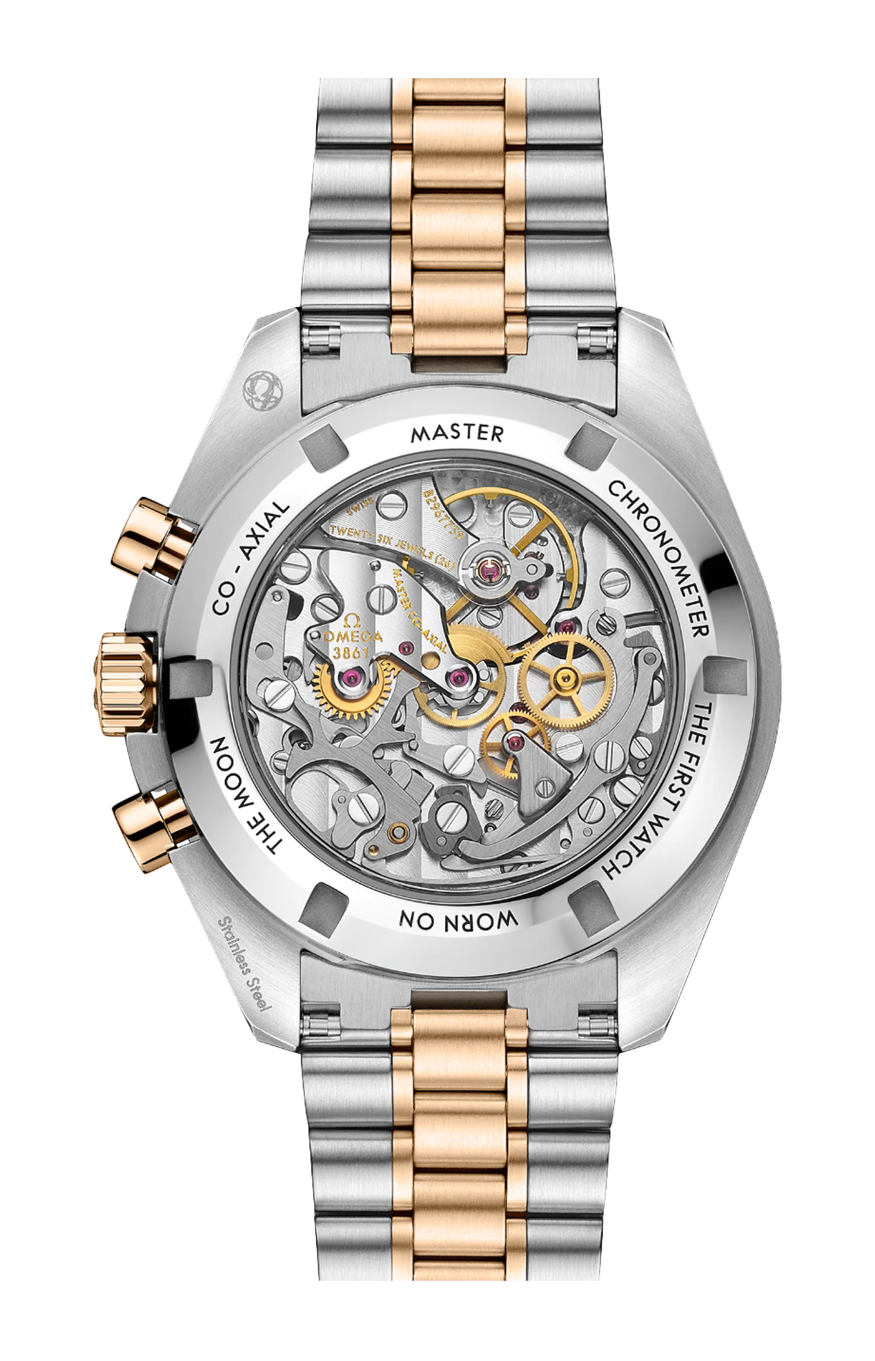 Questo modello bicolore da 42 mm in acciaio inossidabile e oro Moonshine™ 18K presenta quadrante e fondello in vetro zaffiro. Ispirato alla quarta generazione di Speedmaster indossata sulla Luna, sfoggia una cassa asimmetrica con anello della lunetta in ceramica nera e il celebre “Dot over 90” in Ceragold™ Omega sulla scala tachimetrica.
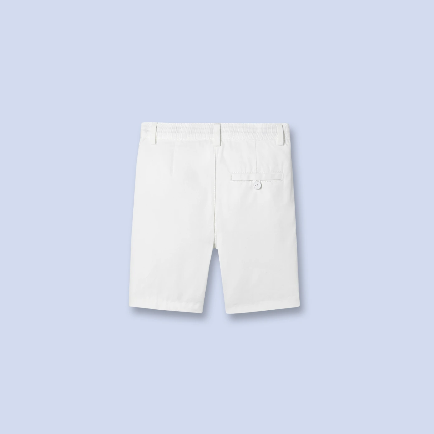 Bermuda en twill de coton léger coloris blanc Ceinture gros grain ton sur ton 2 Poches italiennes devant Et 1 poche passepoilé arrière
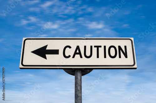 © Maria Vonotna, Fototapeta premium Caution road sign, arrow on blue sky background. One way blank road sign with copy space. Arrow on a pole pointing in one direction.
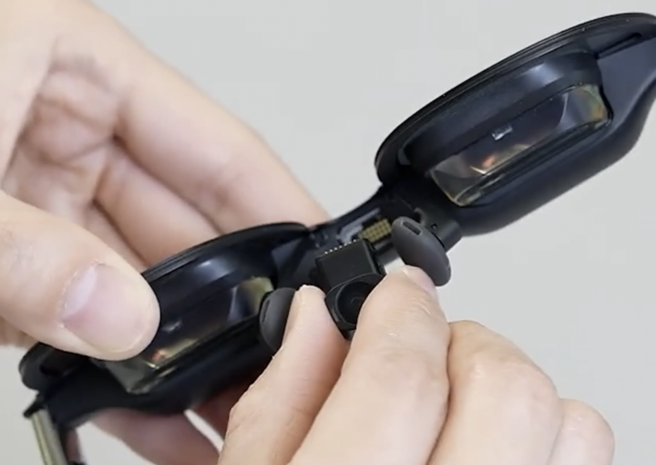 鼻托的部分支持摄像头组件的插拔,让眼镜拥有 1200 万像素的摄像头,能拍照片也能拍视频,还能进一步让眼镜支持 6DoF 的悬停,将现实的画面定在一个地方,用户可以走近画面仔细观察。
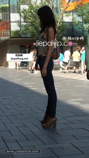 广场上的牛仔包臀少妇
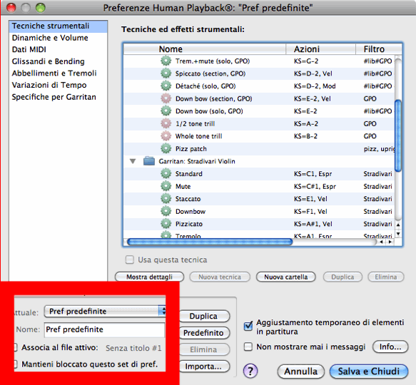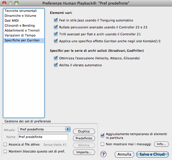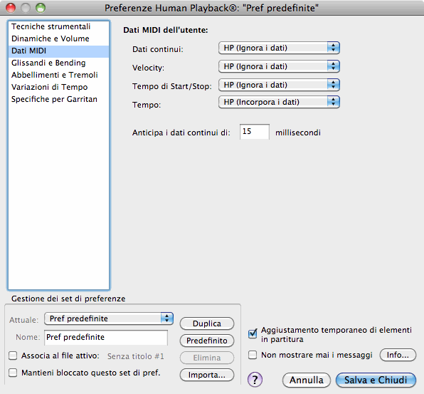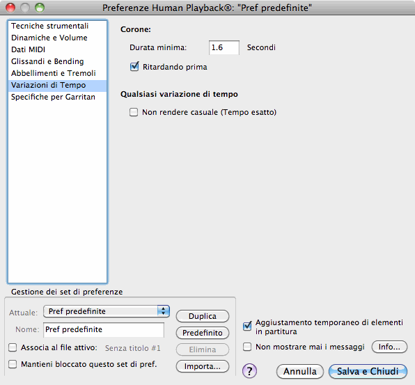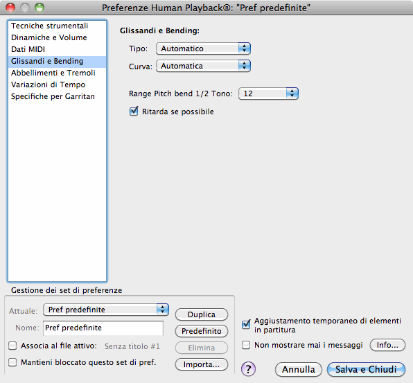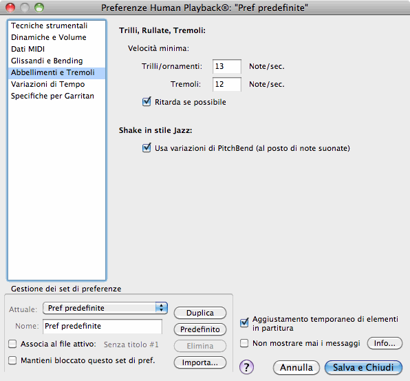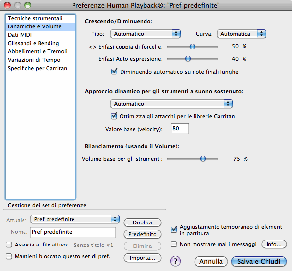 Il set predefinito di preferenze di Human Playback viene chiamato "Preferenze predefinite." Questo è il set che viene utilizzato in tutti i file di Finale se non vi sono specifiche diverse. Quando apportate una qualsiasi modifica alle preferenze di Human Playback, verrà salvata automaticamente in questo set (a meno che non sia selezionata l'opzione "Mantieni bloccato questo set di preferenze").
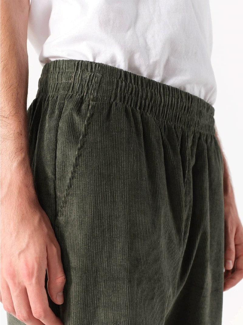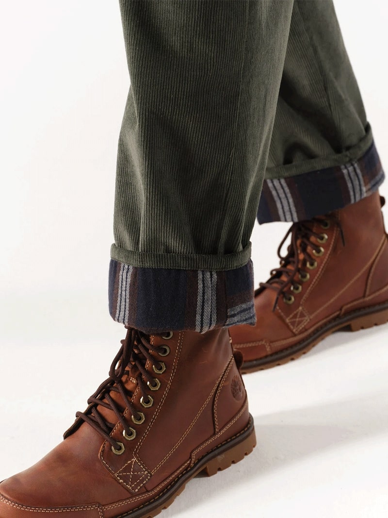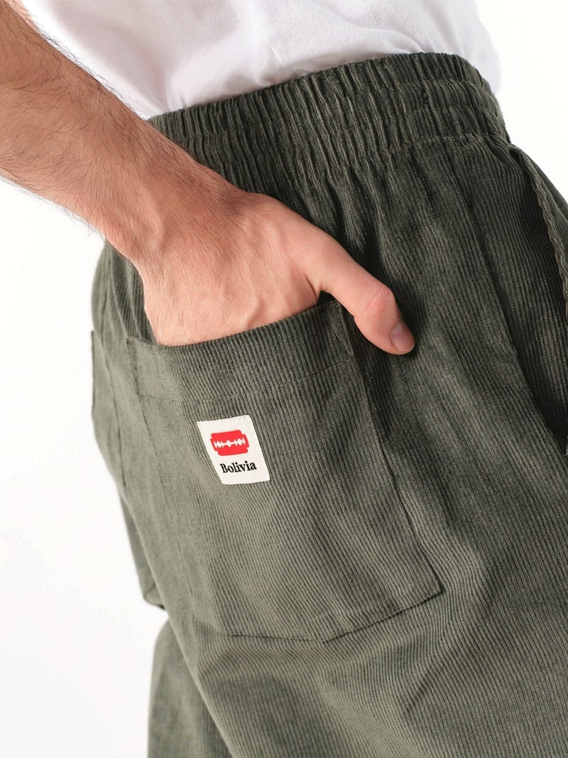 pantalón con elastico en cintura de corderoy . Calce recto con botamanga que se dobla en viyela
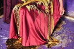 Needless to say a dress as beautiful as that isn't going to stay clean for long round here, and look, here is a traditional tin bath, well filled with several gallons of thick, gloopy golden syrup. Evelyn the cook, in a spotless black boilersuit, steadies the bath, and slowly Friday lowers herself back into it, first the trailing lace streamers just rest on the surface, surely she could stop here, stand back up, save the dress from its fate... Nope! In she goes, her shapely satin-clad bottom pressing down on the surface and then the dress sinking into the syrup even as the level rises, as Friday sits all the way back and immerses herself in the syrup bath.

*PROBLEM DETAILS*:
The entries should be reproduced word for word, pictures omitted.

*RESULT*:
 Questo modello bicolore da 42 mm in acciaio inossidabile e oro Moonshine™ 18K presenta quadrante e fondello in vetro zaffiro. Ispirato alla quarta generazione di Speedmaster indossata sulla Luna, sfoggia una cassa asimmetrica con anello della lunetta in ceramica nera e il celebre “Dot over 90” in Ceragold™ Omega sulla scala tachimetrica.
 Bermuda en twill de coton léger coloris blanc Ceinture gros grain ton sur ton 2 Poches italiennes devant Et 1 poche passepoilé arrière
 © Maria Vonotna, Fototapeta premium Caution road sign, arrow on blue sky background. One way blank road sign with copy space. Arrow on a pole pointing in one direction.
 鼻托的部分支持摄像头组件的插拔,让眼镜拥有 1200 万像素的摄像头,能拍照片也能拍视频,还能进一步让眼镜支持 6DoF 的悬停,将现实的画面定在一个地方,用户可以走近画面仔细观察。
 广场上的牛仔包臀少妇
 Il set predefinito di preferenze di Human Playback viene chiamato "Preferenze predefinite." Questo è il set che viene utilizzato in tutti i file di Finale se non vi sono specifiche diverse. Quando apportate una qualsiasi modifica alle preferenze di Human Playback, verrà salvata automaticamente in questo set (a meno che non sia selezionata l'opzione "Mantieni bloccato questo set di preferenze").
 pantalón con elastico en cintura de corderoy . Calce recto con botamanga que se dobla en viyela
 Needless to say a dress as beautiful as that isn't going to stay clean for long round here, and look, here is a traditional tin bath, well filled with several gallons of thick, gloopy golden syrup. Evelyn the cook, in a spotless black boilersuit, steadies the bath, and slowly Friday lowers herself back into it, first the trailing lace streamers just rest on the surface, surely she could stop here, stand back up, save the dress from its fate... Nope! In she goes, her shapely satin-clad bottom pressing down on the surface and then the dress sinking into the syrup even as the level rises, as Friday sits all the way back and immerses herself in the syrup bath.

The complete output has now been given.